2. **System Action Queue (`SystemActions.Queue`)**: Stores physical command data (MicroPython code).
### Client Roles
* **mBot2 (Robot Client)**:
* **Primary Role**: Physical execution.
* **Mechanism**: Polls the **System Action Queue**, retrieves generated **MicroPython code**, and executes it locally to perform actions (move, turn, LED control).
* **Constraint**: Due to limited memory and processing power, it does *not* handle audio playback.

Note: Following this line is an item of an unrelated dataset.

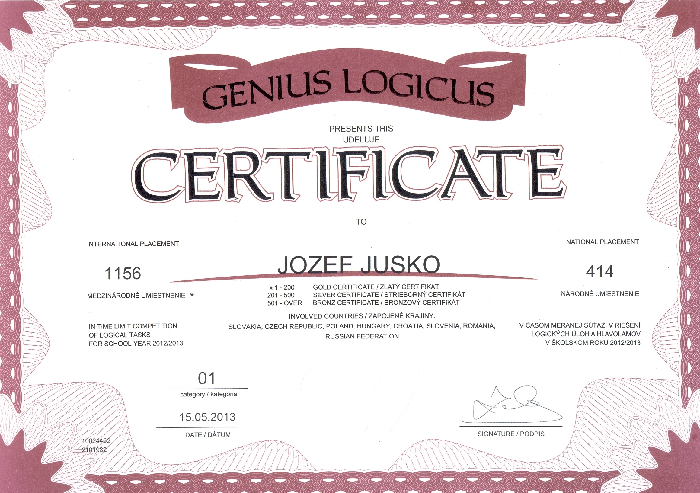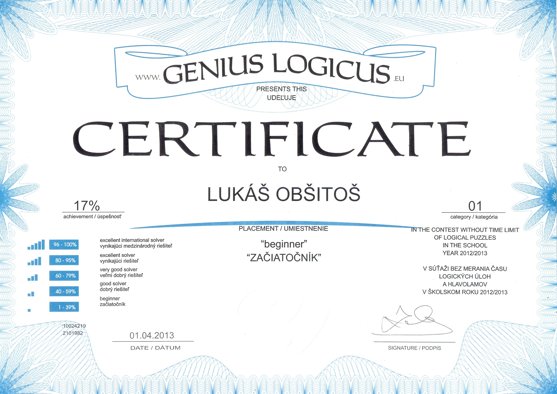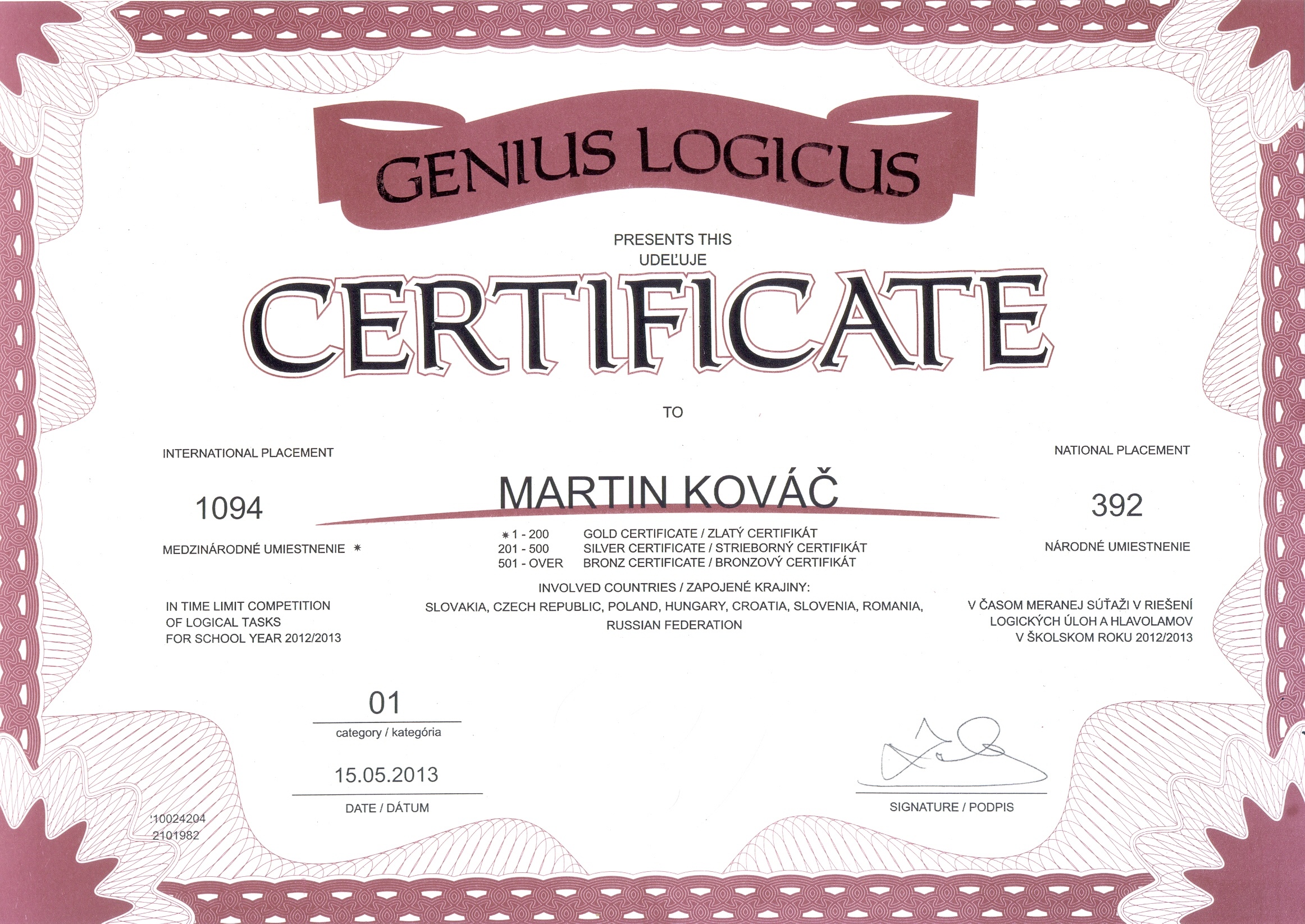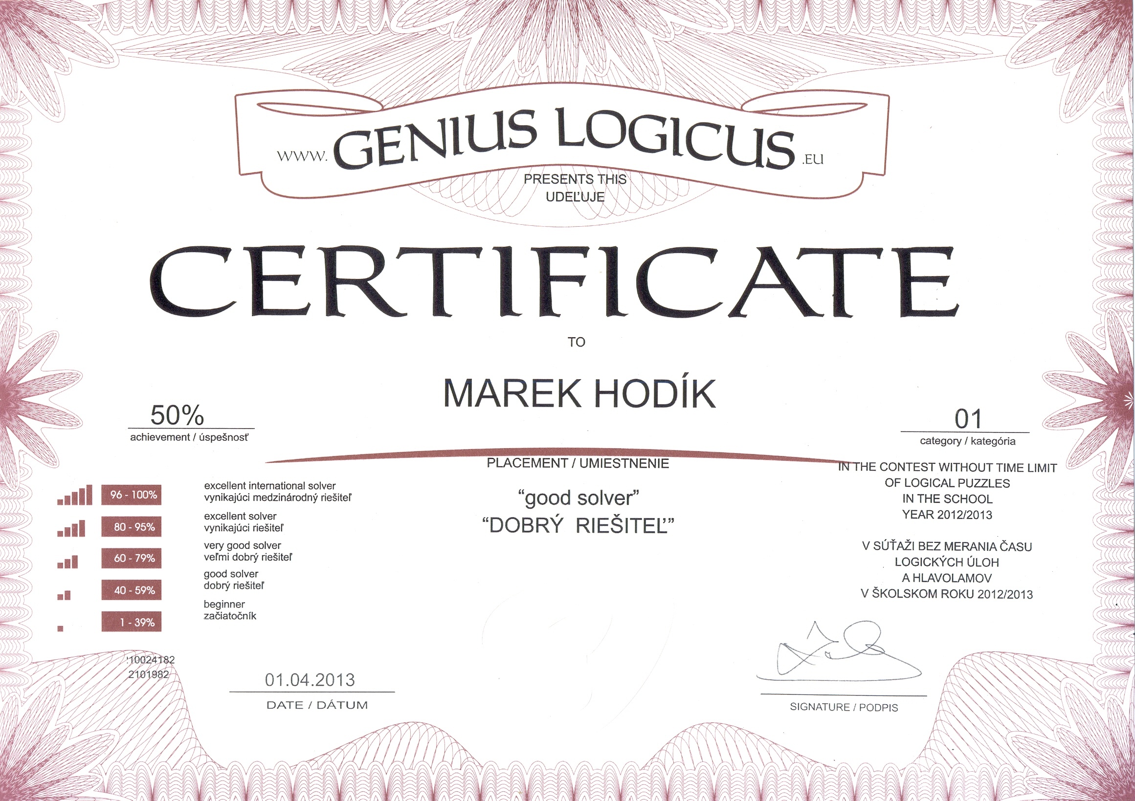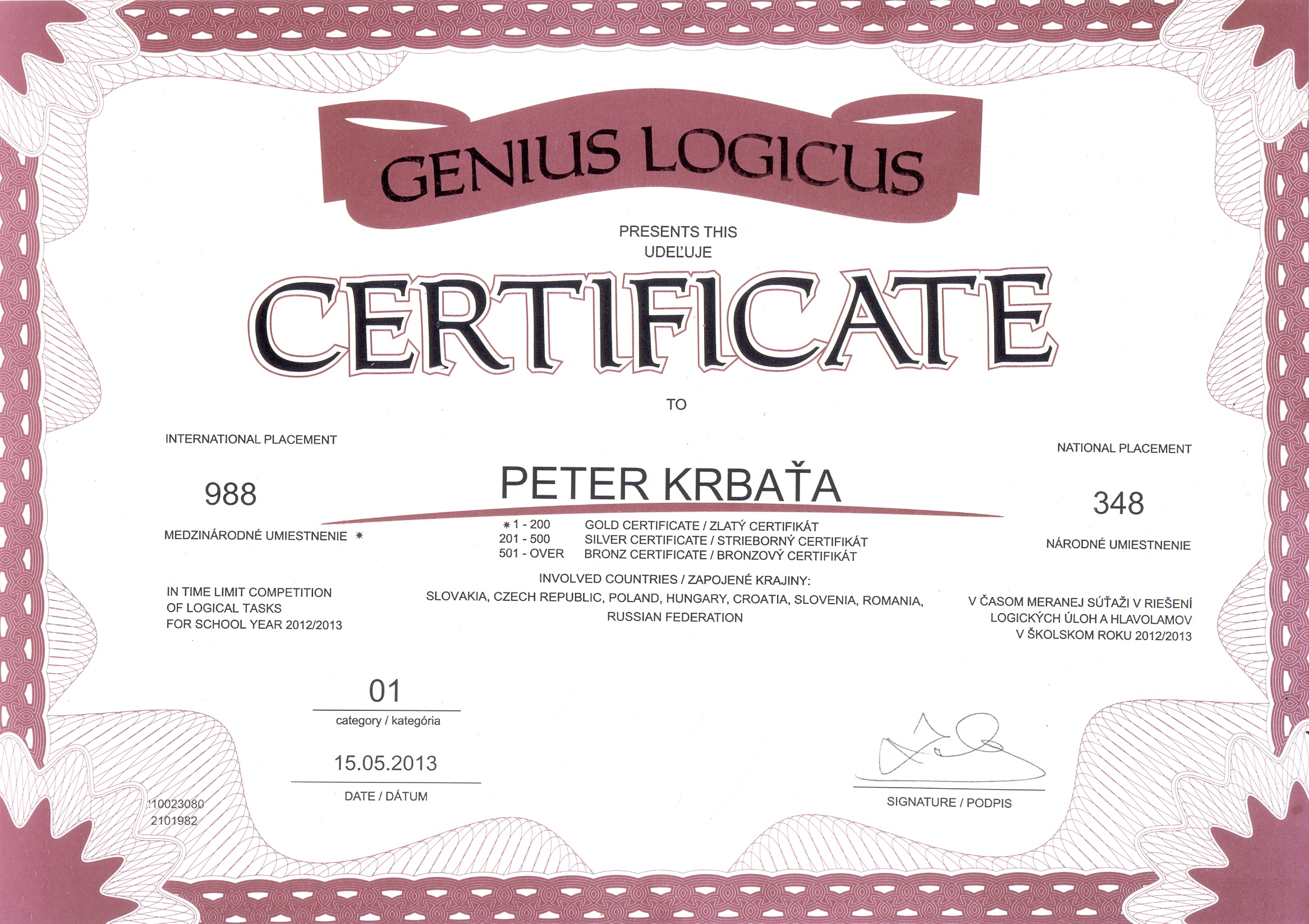 Aj v školskom roku 2012/2013 sme na našej škole zorganizovali medzinárodnú informatickú súťaž GENIUSLOGICUS. V tomto školskom roku bolo zapojených do súťaže 23 žiakov. Všetci žiaci súťažli v kategórii "A+B". Katogória "B" s meraním času prebehla 5.apríla 2013, ktorej sa zúčastnilo 17 žiakov z 23 prihlásených. Oficiálne výsledky budú zverejnené do konca školského roku aj na našej webovej stránke. V júni 2013 organizátori súťaže ocenili súťažiacich získanými certifikátmi a koordinátorom súťaže: Mgr. Daniela Filčáková a RNDr. Marián Balažka poďakovali za organizáciu súťaže na našej škole. Mgr. D. Filčáková zapojila ďalších 12 žiakov do súťaže.

* **Companion Device (Mobile/PC Client)**:
* **Primary Role**: Voice interaction.
* **Mechanism**: Polls the **Talk Queue** and plays back the audio responses.
* **Benefit**: This offloads the heavy lifting of audio streaming/decoding from the robot, ensuring smooth, uninterrupted movement and clear voice output.
## 🛠 Tech Stack
* **Core**: Elixir, Phoenix Framework (LiveView)
* **Database**: PostgreSQL (with `pgvector` support planned/ready)
* **AI Provider**: OpenRouter (default), or any OpenAI-compatible API
* **TTS Provider**: Zonos (Gradio) / Custom Audio Pipelines
* **Styling**: Tailwind CSS + DaisyUI
* **Infrastructure**: Docker & Docker Compose
## 🗄 Database Schema Overview
* **kitts**: Core agent metadata.
* **biographies**: Detailed "Personality" text.
* **events**: Raw log of interactions.
* **contents**: Structured data for each event (message, action, mood, status, audio paths).
* **system_actions**: Specific parameters for physical movements.
* **memories**: Narrative summaries generated by the agent.
* **configs**: Global key-value settings (LLM models, API credentials, defaults).
## 📦 Installation & Setup
### Prerequisites
* Docker & Docker Compose
### Quick Start
1. **Clone & Setup:**
```bash
git clone <repository_url>
cd kitt_agent
docker compose run --rm app mix setup
```
2. **Initial Configuration:**
1. Start the server: `docker compose up`
2. Visit `http://localhost:4000/kitt-web/settings`
3. Configure your **API Key** and **API Base URL** (OpenRouter default: `https://openrouter.ai/api/v1/chat/completions`).
4. Select your preferred **Main** and **Summary** models.
3. **Create your first Kitt:**
Navigate to the **KITTs** page and click **New Kitt**.
## 📝 License
This project is licensed under the MIT License.